(Beginning of Records supplied)

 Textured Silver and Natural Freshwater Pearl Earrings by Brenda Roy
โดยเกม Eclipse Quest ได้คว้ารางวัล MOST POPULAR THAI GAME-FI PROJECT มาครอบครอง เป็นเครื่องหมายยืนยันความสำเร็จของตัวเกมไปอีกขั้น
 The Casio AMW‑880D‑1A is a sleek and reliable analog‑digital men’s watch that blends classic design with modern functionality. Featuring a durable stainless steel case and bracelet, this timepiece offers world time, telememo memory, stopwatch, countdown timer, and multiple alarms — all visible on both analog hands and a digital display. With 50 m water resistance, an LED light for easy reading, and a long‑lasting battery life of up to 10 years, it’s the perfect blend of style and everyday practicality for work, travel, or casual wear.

(End of Records supplied)
(Beginning of Records supplied)

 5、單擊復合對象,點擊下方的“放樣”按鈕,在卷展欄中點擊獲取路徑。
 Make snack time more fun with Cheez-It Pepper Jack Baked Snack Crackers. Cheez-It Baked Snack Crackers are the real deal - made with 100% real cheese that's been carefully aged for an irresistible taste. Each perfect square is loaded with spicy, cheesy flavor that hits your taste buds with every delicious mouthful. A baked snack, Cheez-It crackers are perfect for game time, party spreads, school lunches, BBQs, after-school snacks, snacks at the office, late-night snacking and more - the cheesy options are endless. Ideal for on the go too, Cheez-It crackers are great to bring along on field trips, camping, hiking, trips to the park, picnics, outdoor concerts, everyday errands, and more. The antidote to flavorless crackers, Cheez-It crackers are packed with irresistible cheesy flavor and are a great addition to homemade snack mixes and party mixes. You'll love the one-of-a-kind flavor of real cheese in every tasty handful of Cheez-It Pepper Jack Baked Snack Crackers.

(End of Records supplied)

Assigned task:
All that should be written out is the stretch of lines above between the one holding "Textured Silver and" and the one holding "The Casio AMW‑880D‑1A", inclusive, exactly as given.

Completed task:
 Textured Silver and Natural Freshwater Pearl Earrings by Brenda Roy
โดยเกม Eclipse Quest ได้คว้ารางวัล MOST POPULAR THAI GAME-FI PROJECT มาครอบครอง เป็นเครื่องหมายยืนยันความสำเร็จของตัวเกมไปอีกขั้น
 The Casio AMW‑880D‑1A is a sleek and reliable analog‑digital men’s watch that blends classic design with modern functionality. Featuring a durable stainless steel case and bracelet, this timepiece offers world time, telememo memory, stopwatch, countdown timer, and multiple alarms — all visible on both analog hands and a digital display. With 50 m water resistance, an LED light for easy reading, and a long‑lasting battery life of up to 10 years, it’s the perfect blend of style and everyday practicality for work, travel, or casual wear.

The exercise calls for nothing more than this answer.